Collection entries
Content starts
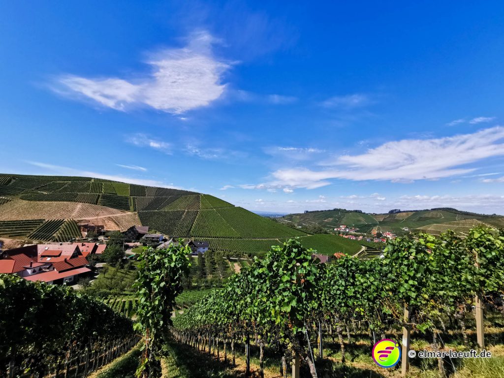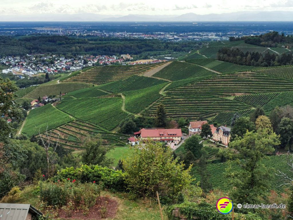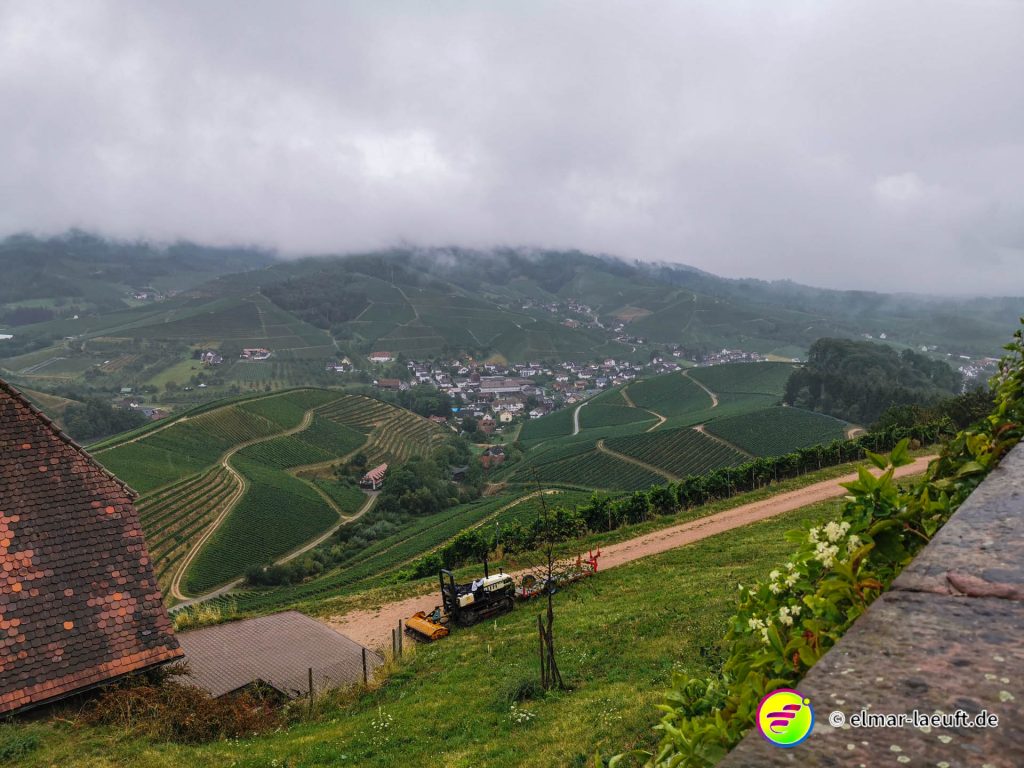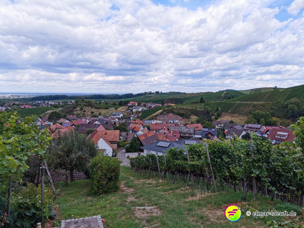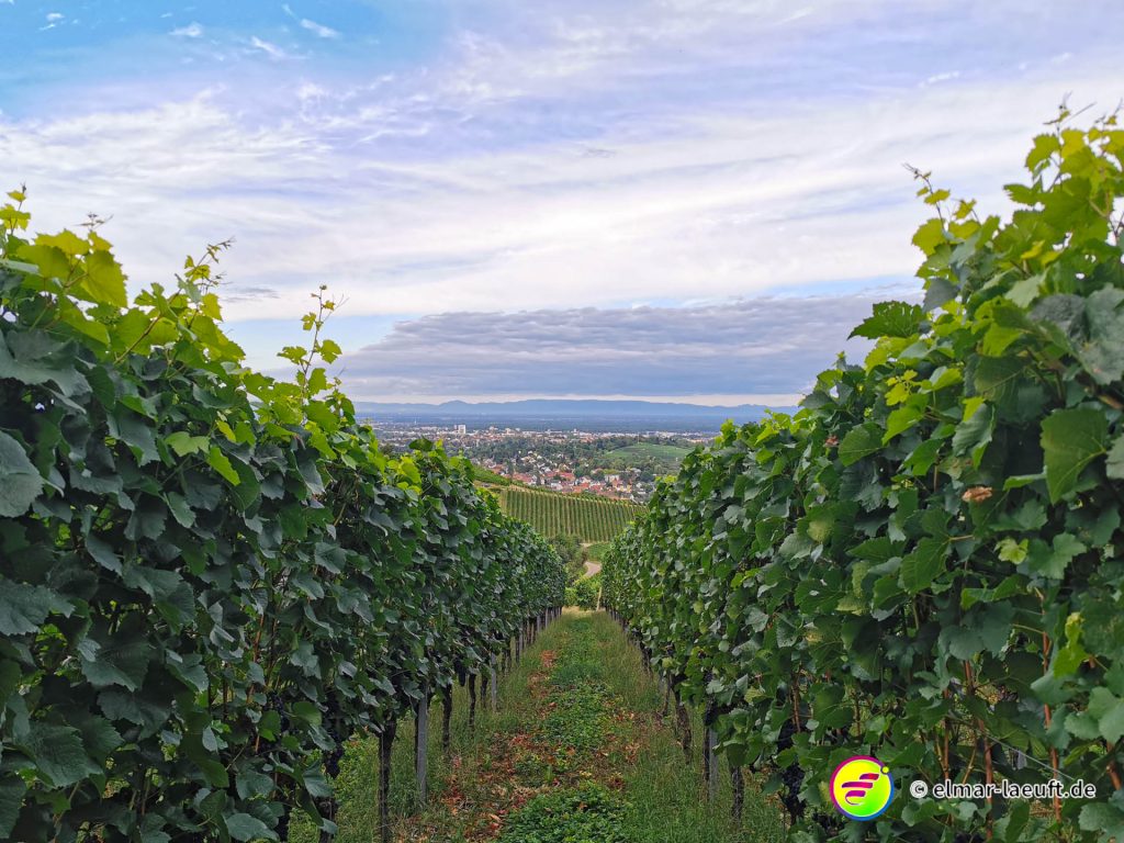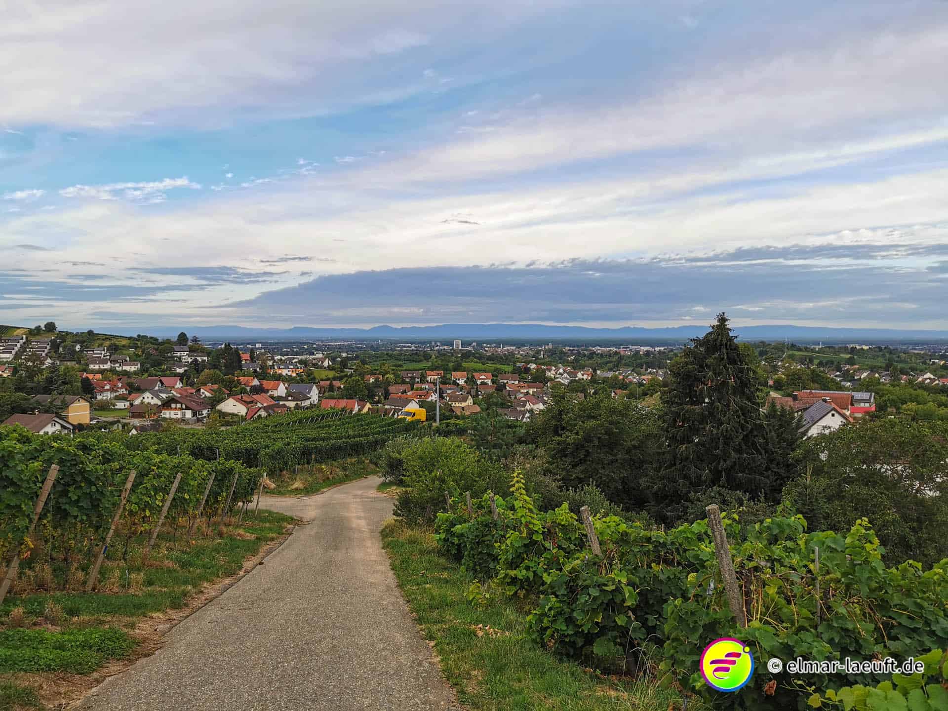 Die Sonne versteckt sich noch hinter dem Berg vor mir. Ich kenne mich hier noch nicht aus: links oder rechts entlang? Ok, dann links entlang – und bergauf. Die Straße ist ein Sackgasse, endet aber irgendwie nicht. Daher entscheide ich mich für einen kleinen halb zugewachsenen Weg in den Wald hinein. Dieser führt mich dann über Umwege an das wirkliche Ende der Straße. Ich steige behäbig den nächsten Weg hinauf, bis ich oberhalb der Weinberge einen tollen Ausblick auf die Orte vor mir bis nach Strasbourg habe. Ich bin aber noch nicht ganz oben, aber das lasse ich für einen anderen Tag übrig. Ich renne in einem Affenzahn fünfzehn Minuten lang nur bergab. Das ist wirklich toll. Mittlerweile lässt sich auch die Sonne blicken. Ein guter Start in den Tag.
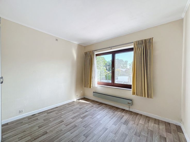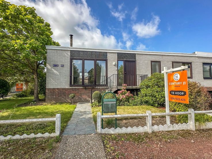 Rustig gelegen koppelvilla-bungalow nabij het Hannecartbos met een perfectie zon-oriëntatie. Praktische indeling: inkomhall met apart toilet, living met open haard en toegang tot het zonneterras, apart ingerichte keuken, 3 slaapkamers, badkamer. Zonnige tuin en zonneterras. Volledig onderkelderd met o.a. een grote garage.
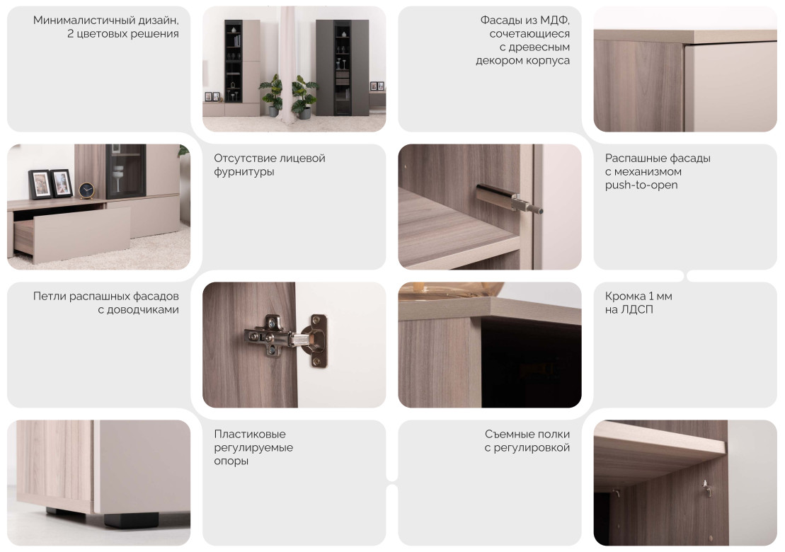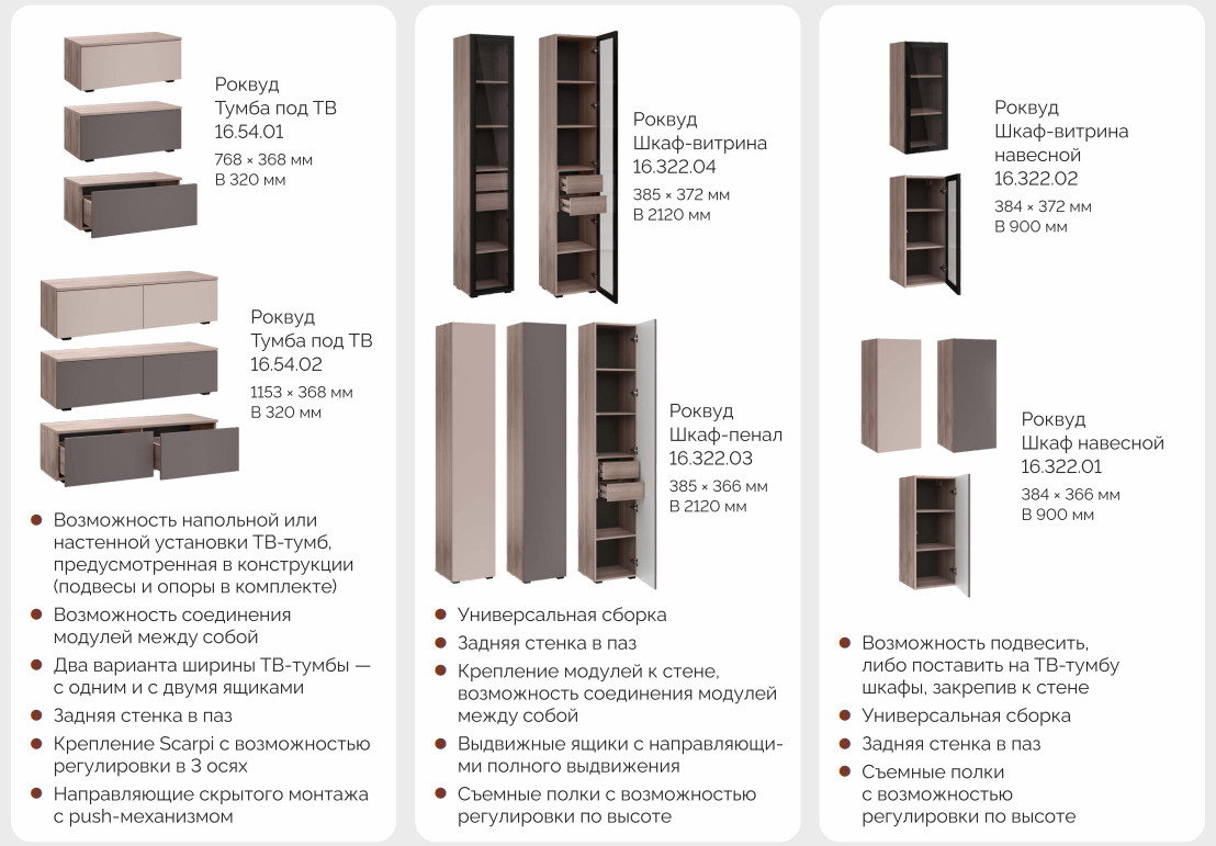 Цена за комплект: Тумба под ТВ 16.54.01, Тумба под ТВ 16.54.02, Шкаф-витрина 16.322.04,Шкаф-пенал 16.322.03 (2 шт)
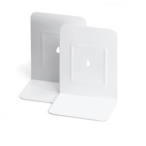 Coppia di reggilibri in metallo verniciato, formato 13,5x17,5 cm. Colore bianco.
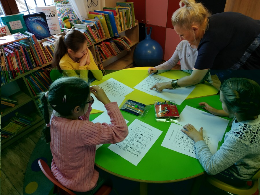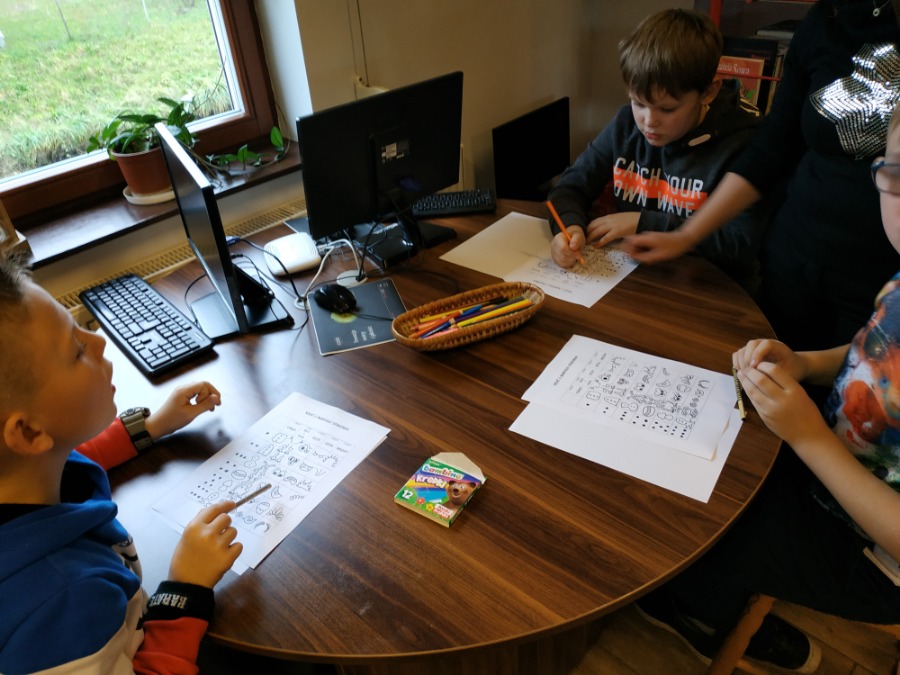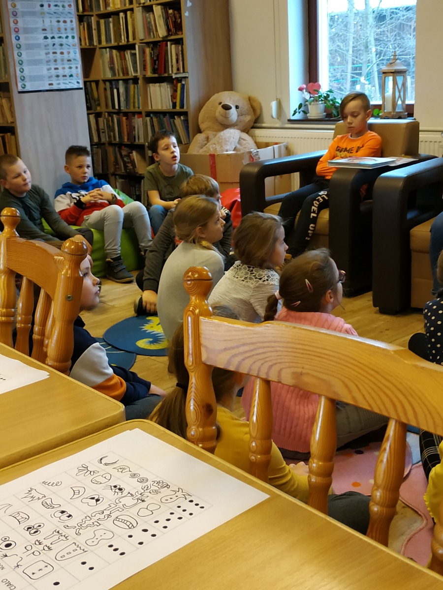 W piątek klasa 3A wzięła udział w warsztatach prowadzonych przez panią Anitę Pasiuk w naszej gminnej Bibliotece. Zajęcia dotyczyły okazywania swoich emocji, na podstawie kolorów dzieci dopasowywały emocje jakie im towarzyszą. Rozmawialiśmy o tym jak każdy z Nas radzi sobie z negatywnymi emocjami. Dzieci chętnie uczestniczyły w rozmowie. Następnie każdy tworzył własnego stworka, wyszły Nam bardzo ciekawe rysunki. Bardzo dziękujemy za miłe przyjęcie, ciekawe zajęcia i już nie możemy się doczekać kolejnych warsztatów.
Content ends
TASK GOAL
Exact copy, no pictures: reproduce every entry shown above.

COMPLETED EXERCISE
 Die Sonne versteckt sich noch hinter dem Berg vor mir. Ich kenne mich hier noch nicht aus: links oder rechts entlang? Ok, dann links entlang – und bergauf. Die Straße ist ein Sackgasse, endet aber irgendwie nicht. Daher entscheide ich mich für einen kleinen halb zugewachsenen Weg in den Wald hinein. Dieser führt mich dann über Umwege an das wirkliche Ende der Straße. Ich steige behäbig den nächsten Weg hinauf, bis ich oberhalb der Weinberge einen tollen Ausblick auf die Orte vor mir bis nach Strasbourg habe. Ich bin aber noch nicht ganz oben, aber das lasse ich für einen anderen Tag übrig. Ich renne in einem Affenzahn fünfzehn Minuten lang nur bergab. Das ist wirklich toll. Mittlerweile lässt sich auch die Sonne blicken. Ein guter Start in den Tag.
 Rustig gelegen koppelvilla-bungalow nabij het Hannecartbos met een perfectie zon-oriëntatie. Praktische indeling: inkomhall met apart toilet, living met open haard en toegang tot het zonneterras, apart ingerichte keuken, 3 slaapkamers, badkamer. Zonnige tuin en zonneterras. Volledig onderkelderd met o.a. een grote garage.
 Цена за комплект: Тумба под ТВ 16.54.01, Тумба под ТВ 16.54.02, Шкаф-витрина 16.322.04,Шкаф-пенал 16.322.03 (2 шт)
 Coppia di reggilibri in metallo verniciato, formato 13,5x17,5 cm. Colore bianco.
 W piątek klasa 3A wzięła udział w warsztatach prowadzonych przez panią Anitę Pasiuk w naszej gminnej Bibliotece. Zajęcia dotyczyły okazywania swoich emocji, na podstawie kolorów dzieci dopasowywały emocje jakie im towarzyszą. Rozmawialiśmy o tym jak każdy z Nas radzi sobie z negatywnymi emocjami. Dzieci chętnie uczestniczyły w rozmowie. Następnie każdy tworzył własnego stworka, wyszły Nam bardzo ciekawe rysunki. Bardzo dziękujemy za miłe przyjęcie, ciekawe zajęcia i już nie możemy się doczekać kolejnych warsztatów.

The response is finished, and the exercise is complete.